I do not own this stock (TSX-CWT.UN). I already have enough REITs stocks, as I currently hold both RioCan (TSX-REI.UN) and CDN Real Estate (TSX-REF.UN). These two are still on the dividend lists I follow of Dividend Achievers and Dividend Aristocrats (see indices). I also follow H&R Real Estate (TSX-HR.UN). See my website for stocks followed for all these companies.
Once you have 5 or 6 stocks, you might want to consider a REIT for diversification. REITs are an easy way to investment in real estate. Calloway and CDN have DBRS ratings of STA-3H and RioCan has a rating of STA-2M. DBRS rates bonds and income trust companies on a scale from 1 to 5, 1 being the highest rating. You can go to DBRS to find their ratings. Enter your company’s name and do a search to see if the company you are interested in has been rated. In depth research cost money, but you can get a simple rating from them for free.
If you invest in a REIT, you will want one that increases their dividend at least as high as inflation over the last 5 years. You would want one with a DBRS rating of at least STA-3. In addition to the scale from 1 to 5, you get a qualifier of H (high), M (medium) and L (low). You also do not want one that pays out too high a percentage of its Distributable Cash (DI) or Funds from Operations (FFO). Over 90% is too high.
Now, back to the REIT I am discussing today. The Insider Trading report shows that there is a bit of Insider Buying and a bit of Insider Selling.

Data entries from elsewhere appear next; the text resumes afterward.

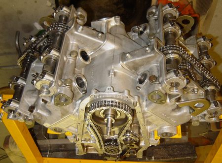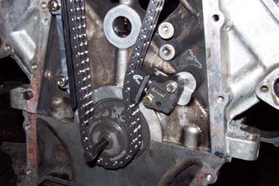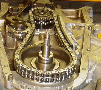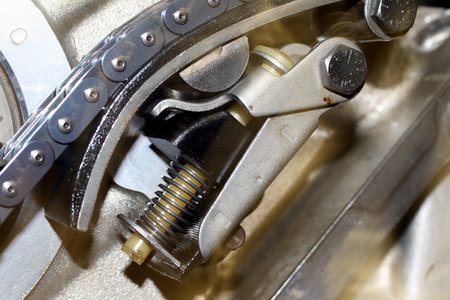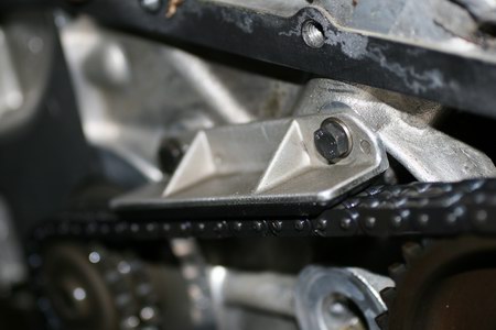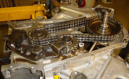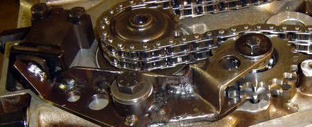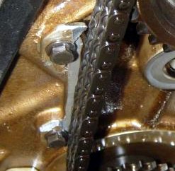 Obiges Foto zeigt den DS-Spanner im Maserati-Motor: Die Lösung wirkt wesentlich kompakter, als die mit Zahnrädern. Dies sind nur zwei Beispiele, es gibt noch andere Lösungen als hydraulische Kettenspanner. Welche Lösung die beste ist, ist nicht unumstritten. Auch gibt es die These, dass der mechansiche Spanner zweiter Generation in Verbindung mit einer neuen Qualitäts-Kette ebenfalls eine hervorragende Lösung darstellt. Eine weitere Problemzone der Primärkette ist der dem Spanner gegenüber liegende Anschlagsbegrenzer. Auch er ist im Original recht schwach dimensioniert und kann im Laufe der Zeit Abnutzungen aufweisen und sogar brechen.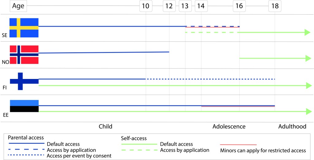 We found that Sweden and Norway appeared to be different from Finland and Estonia. Age limits for parental loss of access were lower in Sweden (age 13) and Norway (age 12), than in Finland and Estonia (age 18). In Sweden, parents and adolescents were able to apply for access outside of regulation. The age of obtaining EHR self-access was the same in Sweden and Norway (age 16) while by contrast in Finland and Estonia, there was no lower age for when the minor obtained access to their EHR. None of the studied countries exempted any potentially sensitive health information by default from parent access.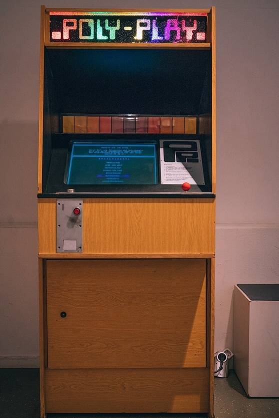 本次“冷战游戏”展览中还有一台珍贵的投币游戏机,即“Poly-Play”——这是唯一一款源自民主德国的街机。Poly-Play由民主德国公司VEB Polytechnik在1985年开发,生产了共约2000台,每台机器售价22000马克,每款游戏售价50芬尼。Poly-Play提供七款不同的简单游戏,包括兔与狼、猎鹿人、速降滑雪、蝴蝶收集游戏、记忆游戏、射击游戏和赛车游戏。这些游戏概念大都基于当时已经在日本、美国和西欧出现的电子游戏。例如“兔与狼”就是对南梦宫公司1980年发行的《吃豆人》(Pac-Man)的改编。当时,Poly-Play主要出现在民主德国的工会度假屋、青年旅社和青年俱乐部里。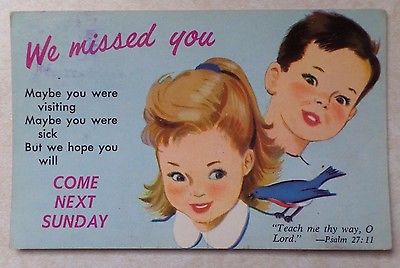 Title (ebay affiliate link): WE MISSED YOU COME TO CHURCH NEXT SUNDAY REMINDER Vintage Postcard 866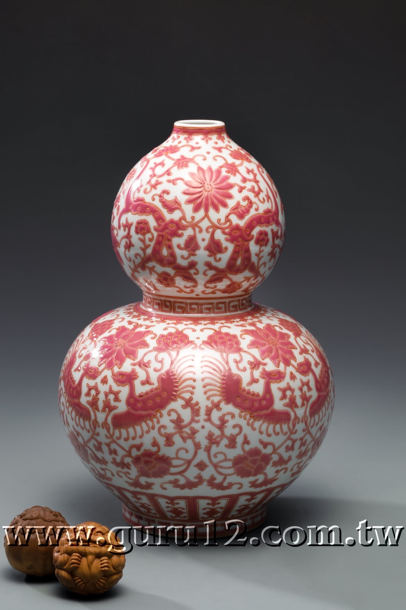 清乾隆 胭脂紅葫蘆瓶 (福祿)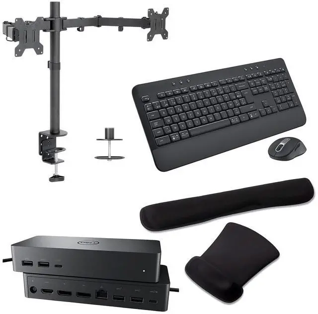 The Dell Universal Dock Bundle with MK650 Wireless Keyboard and Desk Mounted Monitor Stand provides a complete and efficient workstation setup, perfect for both home and office environments. This bundle enhances productivity with seamless connectivity, ergonomic typing, and versatile monitor positioning. Ideal for professionals and remote workers, it ensures a clutter-free, organized workspace.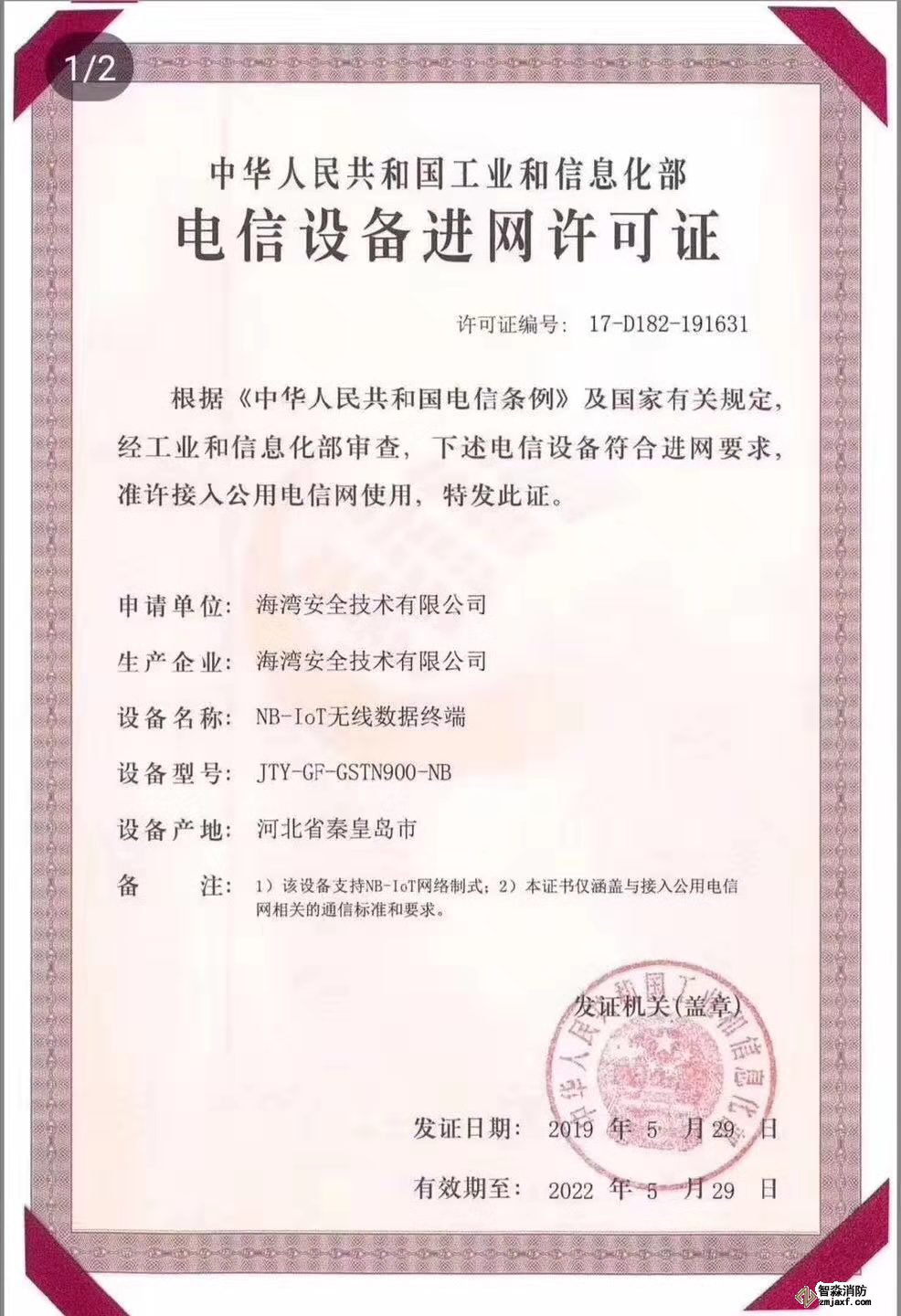 海灣NB煙感是國內唯一可提供工信部入網許可證的廠家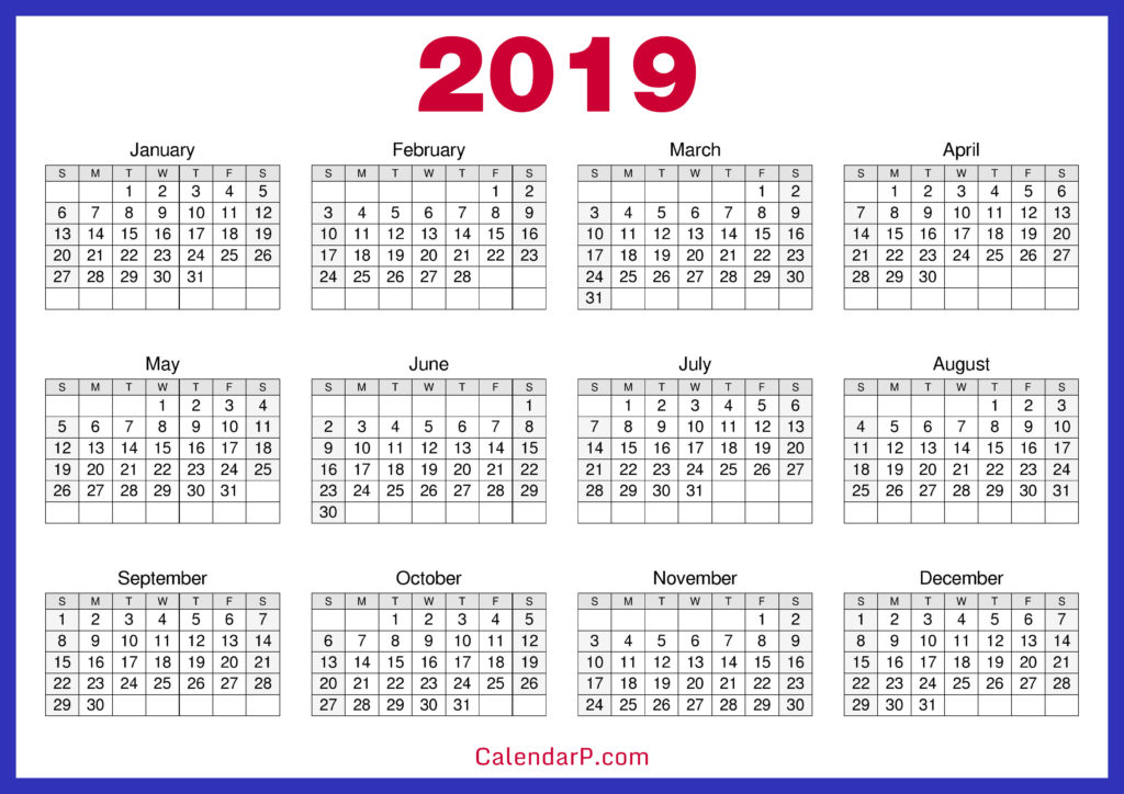 2019 Calendars• Calendars• Horizontal Calendars• Horizontal Calendars Sunday Start 2019 Calendar Printable Free, HD – Electric Blue, Red 03/01/201903/01/2019

There is slightly more selling, but this report does not really tell us anything. The real thing of note is that Calloway has just issued 6.9M shares at $21.60 as of August 5, 2010.
When talking about the P/E ratio, it is so high it is not worth talking about. The Price/FFO ratio is 14 when the 5 year average is 13.5. I get a Graham Price of $10.27 and a stock price of $23.25. So the stock price is some 55% above the Graham Price. When looking at the Price/Book Value Ratio, I get one of 1.74 and the 10 year average of 1.25 is about 40% lower. The current yield of 6.7% is lower than the 5 year average of 7.7%. So, on all these points, the stock price is rather high.
When I look at analysts recommendations, there are a few Strong Buy, a few Buy and lots of Hold recommendations. (See my site for information on analyst ratings.) The main reason for Hold recommendations is that a lot of analysts feel that the stock is fully valued. They give a 12 month stock price below or at the current stock price. One thing that is liked about this company is its relationship with Wal-Mart. Calloway is expanding in Canada, which has at present a better economy than the US. (RioCan in contrast is currently expanding in the US.)
Calloway REIT is the largest owner of large-format unenclosed retail properties in Canada. Its web site is here Calloway. See my spreadsheet at cwt.htm.
This blog is meant for educational purposes only, and is not to provide investment advice. Before making any investment decision, you should always do your own research or consult an investment professional. See my website for stocks followed and investment notes. Follow me on twitter.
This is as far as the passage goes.